Scenario 2: Document classification engine

A data engineering team built a document triage tool for legal filings. They created a Modelfile with a SYSTEM directive that instructed the model to return only a JSON object with a category field. Setting temperature to 0.0 removed output randomness. The variant produced consistent structured output without additional parsing logic.

Scenario 3: Per-environment model configuration

A product team maintained two Modelfiles for the same base model: one for development with a higher temperature for creative brainstorming, and one for production with tighter parameters for customer-facing responses. Both files lived in version control, and the correct variant was built and deployed by the CI pipeline based on the target environment.

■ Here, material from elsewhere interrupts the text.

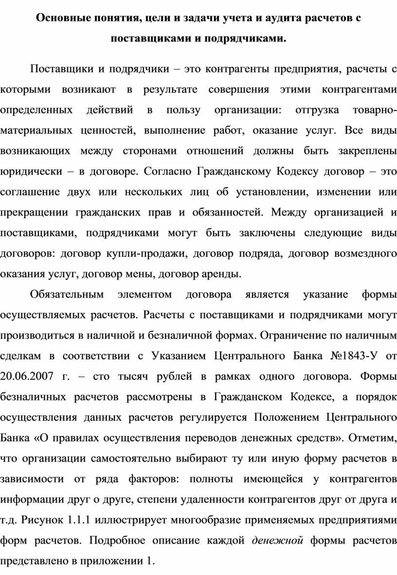 Задачи аудита расчетов с поставщиками и подрядчиками
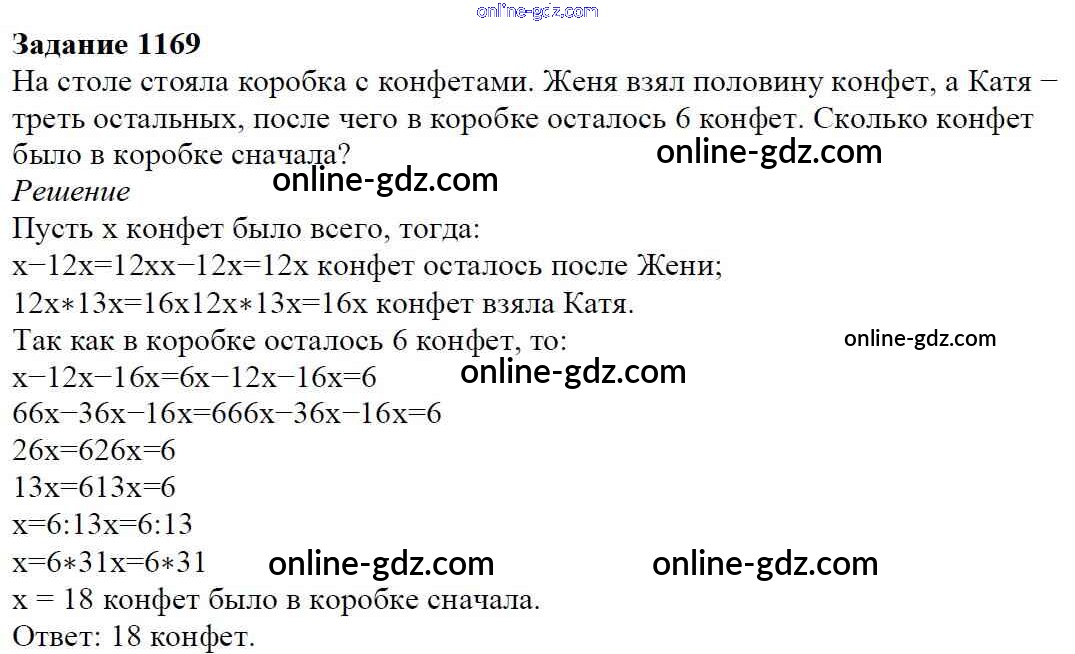 Готовые домашние задания по Математике за 6 класс Учебник Мерзляк, Полонский Алгоритм успеха 2016 - Глава 4. Рациональные числа и действия над ними (упражнения) 1169

Scenario 4: Reducing context window cost in constrained environments

A team running inference on a CPU-only server set PARAMETER num_ctx 2048 in their Modelfile to reduce memory pressure. This allowed the service to handle concurrent requests without swapping, accepting a trade-off in maximum input length that was acceptable for their short-document use case.

Why it matters

Modelfiles make model configuration reproducible: the same file produces the same variant every time it is built, removing environment-specific drift.
They enable version control for model behavior: teams can review, diff, and roll back system prompts and parameter changes exactly as they do with application code.
They separate model configuration from application code: inference parameters live in the Modelfile, not scattered across service configuration or environment variables.
They reduce output variance in production by fixing temperature and sampling parameters to values validated during development.
They allow teams to maintain multiple task-specific variants of one base model without maintaining separate fine-tuned weights.
They integrate naturally into CI/CD pipelines: ollama create can be called in a build step, and the resulting variant can be pushed to a registry and promoted through environments.